*What needs to be done*. Only the records, exactly as written, belong in the answer; pictures do not.

━━ Task material

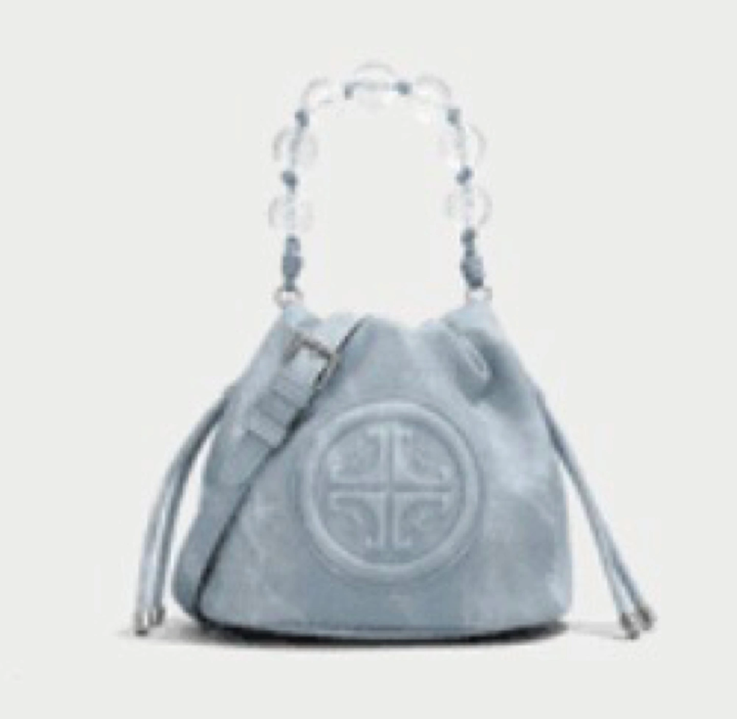 Adorable bucket bag. Features a light blue denim-like material. Unique beaded strap. Drawstring closure. Small crossbody bag.
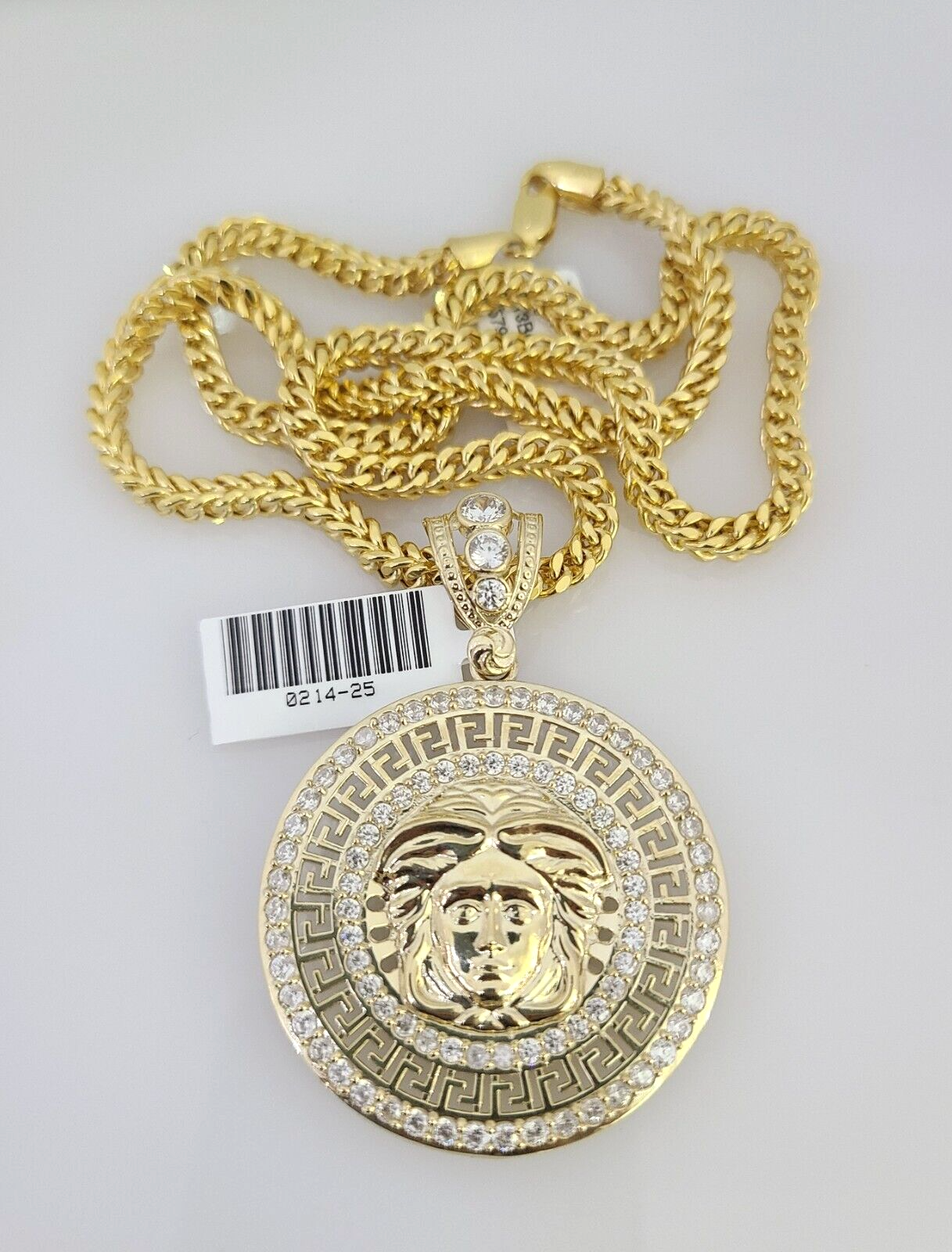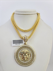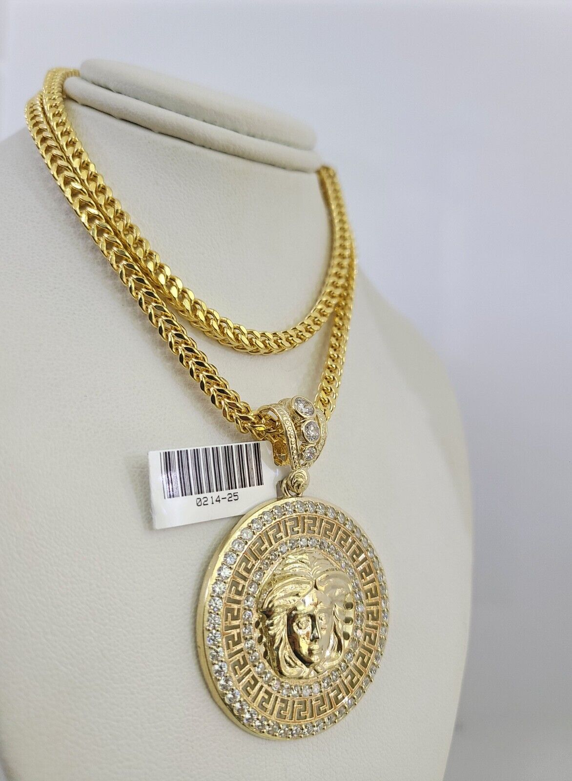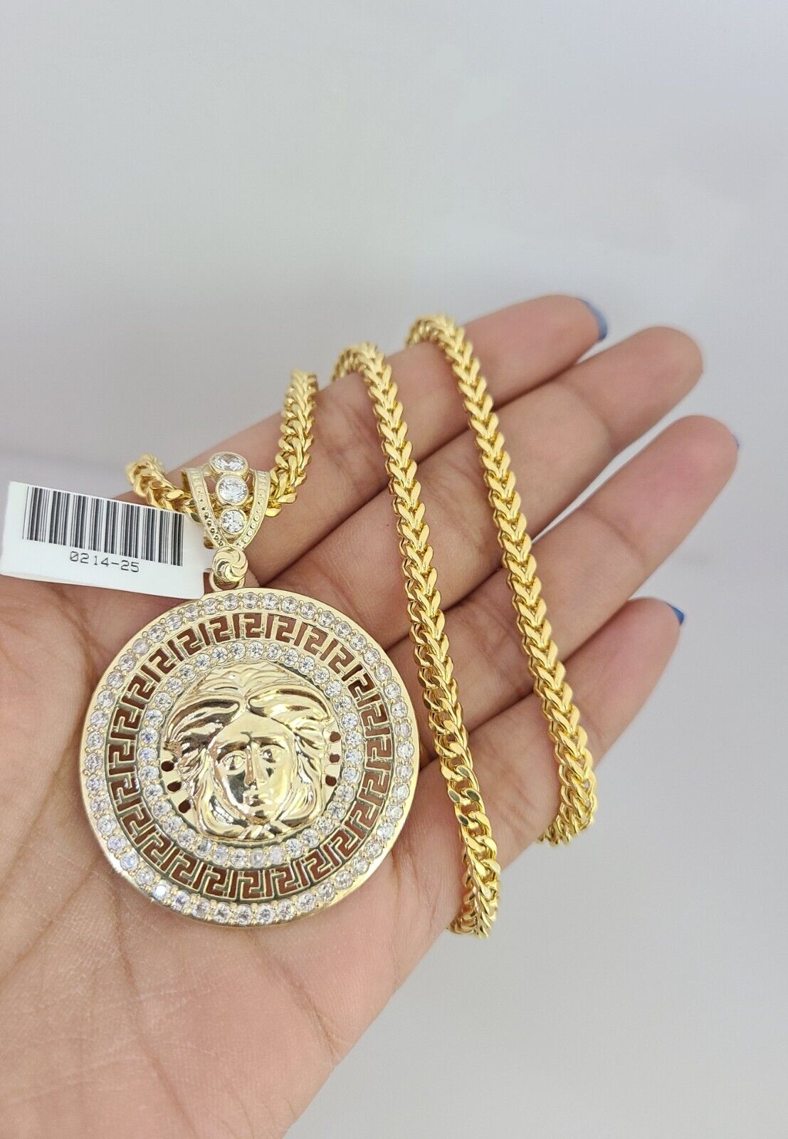 Genuine 10k Yellow Gold Franco Necklace 4mm Franco Chain with Medusa Head Charm. The Various length of the Chain are 18"-28" with Medusa Head Charm. The pendants are unique in design and considered durable too. If you are not happy with the way it looks or feels, we do offer 30 - Days FREE Return shipping. Contact us for more information.
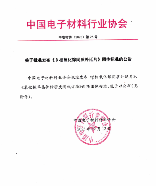 近日,由实验室孵化企业杭州镓仁半导体有限公司牵头的《β相氧化镓同质外延片》(T/CEMIA 050-2025)与《氧化镓单晶位错密度测试方法》(T/CEMIA 051-2025)两项团体标准,经中国电子材料行业协会批准正式发布,将于2026年1月1日起全面实施。这是我国在第四代半导体材料领域标准化建设的重大突破,标志着氧化镓产业从技术研发向规模化应用迈出关键一步。
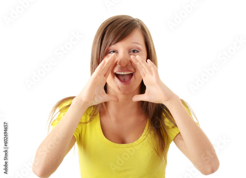 © Designpics, Fototapeta premium Attractive casual woman screaming (shouting) through hands isolated on white
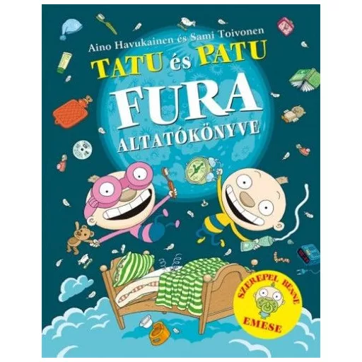 A Tatu és Patu sorozat várva-várt negyedik kötete! Minden alvó számára nélkülözhetetlen műalkotás. Amikor Tatuhoz és Patuhoz éjszakára vendégségbe érkezik a keresztlányuk, Emese, minden trükköt be kell vetniük, hogy sikerüljön álomba szenderíteniük a kislányt. Szerencsére bőven akadnak trükkök a fivérek összegyűjtötte útmutatóban, ami a F.U.R.A., azaz a Fontos és Utolérhetetlen Regiszter az Alváshoz nevet kapta. A műben minden szükséges tudnivalót megtalálni, a tökéletes alvósbaba kiválasztásától az álmatlan éjszakák hibakeresési útmutatójáig, az altatódal előadójának megfelelő beleélési fokától a hosszan tartó éjszakai kakukkolás drámai következményeiig. És vajon mennyire vadak a furavári fivérek saját kalandjai az álmok világában? Ráadásként a világ legbugyutább esti meséje! Tatu és Patu kalandjairól az alábbi kötetekben is olvashatsz: Tatu és Patu fura masinái; Tatu és Patu a munka hevében; Tatu és Patu az óvodában .
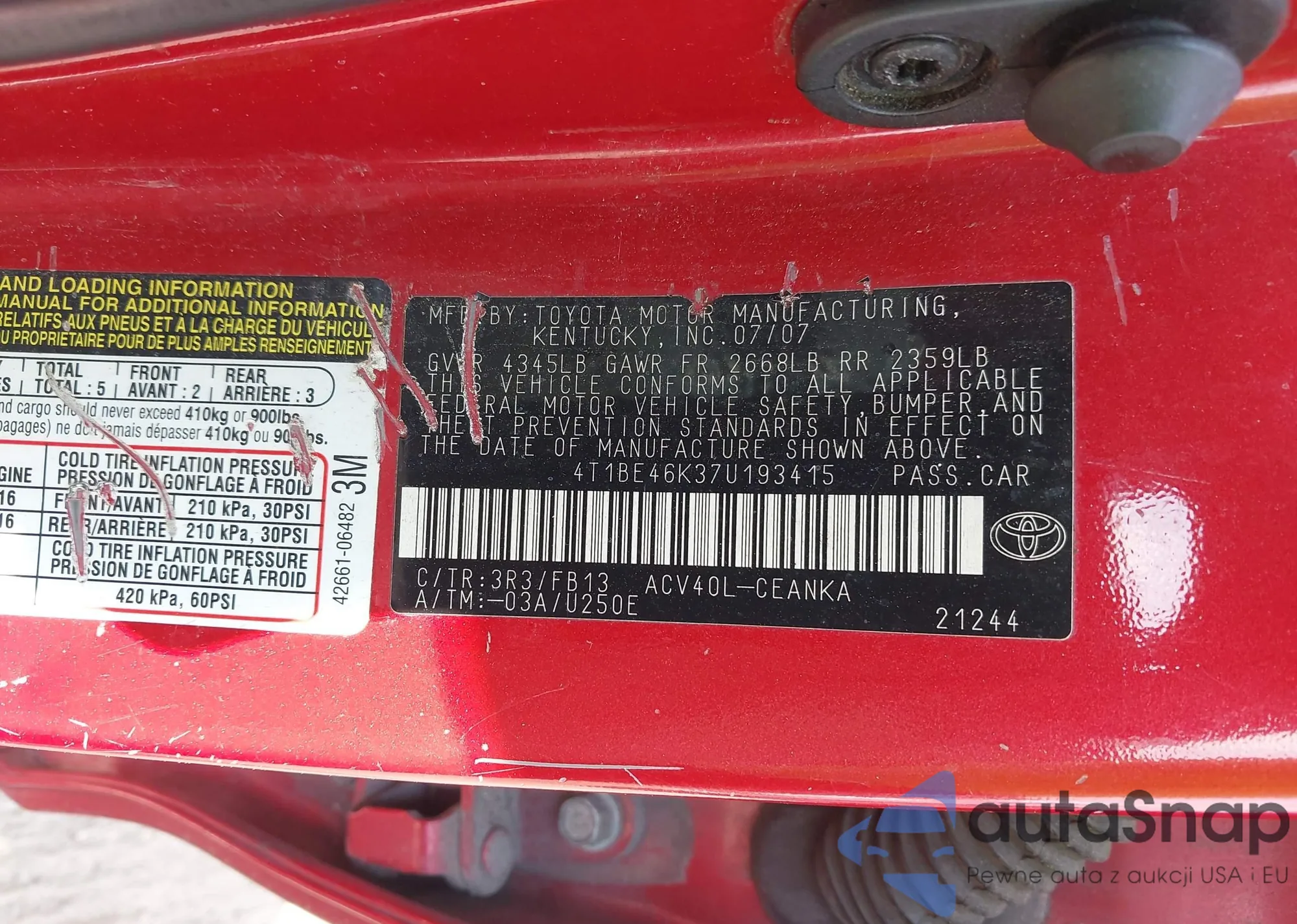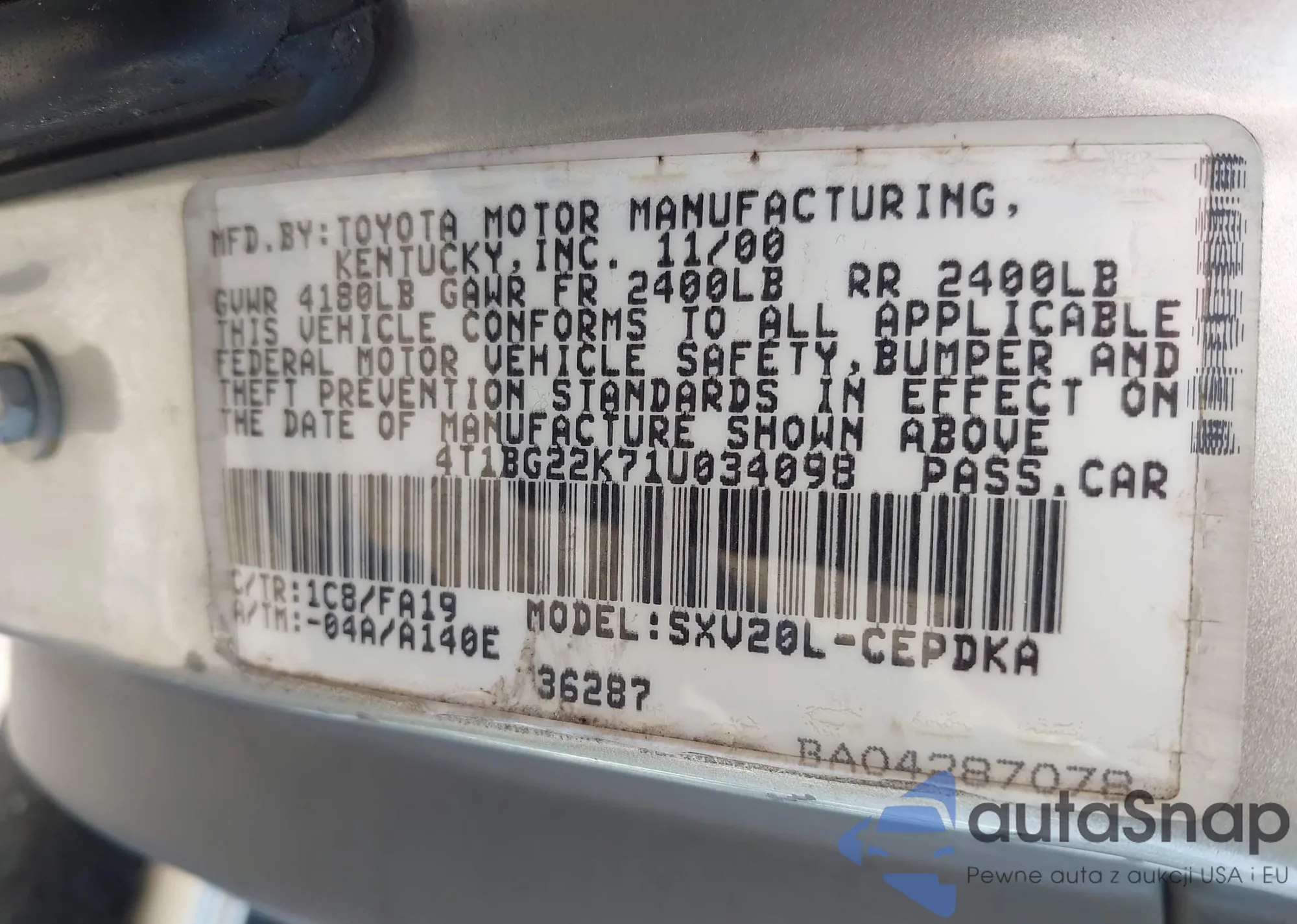 LOT: 43371253 VIN: 4T1BG22K71U034098

━━━━

*Solution to the problem*.
 Adorable bucket bag. Features a light blue denim-like material. Unique beaded strap. Drawstring closure. Small crossbody bag.
 Genuine 10k Yellow Gold Franco Necklace 4mm Franco Chain with Medusa Head Charm. The Various length of the Chain are 18"-28" with Medusa Head Charm. The pendants are unique in design and considered durable too. If you are not happy with the way it looks or feels, we do offer 30 - Days FREE Return shipping. Contact us for more information.
 近日,由实验室孵化企业杭州镓仁半导体有限公司牵头的《β相氧化镓同质外延片》(T/CEMIA 050-2025)与《氧化镓单晶位错密度测试方法》(T/CEMIA 051-2025)两项团体标准,经中国电子材料行业协会批准正式发布,将于2026年1月1日起全面实施。这是我国在第四代半导体材料领域标准化建设的重大突破,标志着氧化镓产业从技术研发向规模化应用迈出关键一步。
 © Designpics, Fototapeta premium Attractive casual woman screaming (shouting) through hands isolated on white
 A Tatu és Patu sorozat várva-várt negyedik kötete! Minden alvó számára nélkülözhetetlen műalkotás. Amikor Tatuhoz és Patuhoz éjszakára vendégségbe érkezik a keresztlányuk, Emese, minden trükköt be kell vetniük, hogy sikerüljön álomba szenderíteniük a kislányt. Szerencsére bőven akadnak trükkök a fivérek összegyűjtötte útmutatóban, ami a F.U.R.A., azaz a Fontos és Utolérhetetlen Regiszter az Alváshoz nevet kapta. A műben minden szükséges tudnivalót megtalálni, a tökéletes alvósbaba kiválasztásától az álmatlan éjszakák hibakeresési útmutatójáig, az altatódal előadójának megfelelő beleélési fokától a hosszan tartó éjszakai kakukkolás drámai következményeiig. És vajon mennyire vadak a furavári fivérek saját kalandjai az álmok világában? Ráadásként a világ legbugyutább esti meséje! Tatu és Patu kalandjairól az alábbi kötetekben is olvashatsz: Tatu és Patu fura masinái; Tatu és Patu a munka hevében; Tatu és Patu az óvodában .
 LOT: 43371253 VIN: 4T1BG22K71U034098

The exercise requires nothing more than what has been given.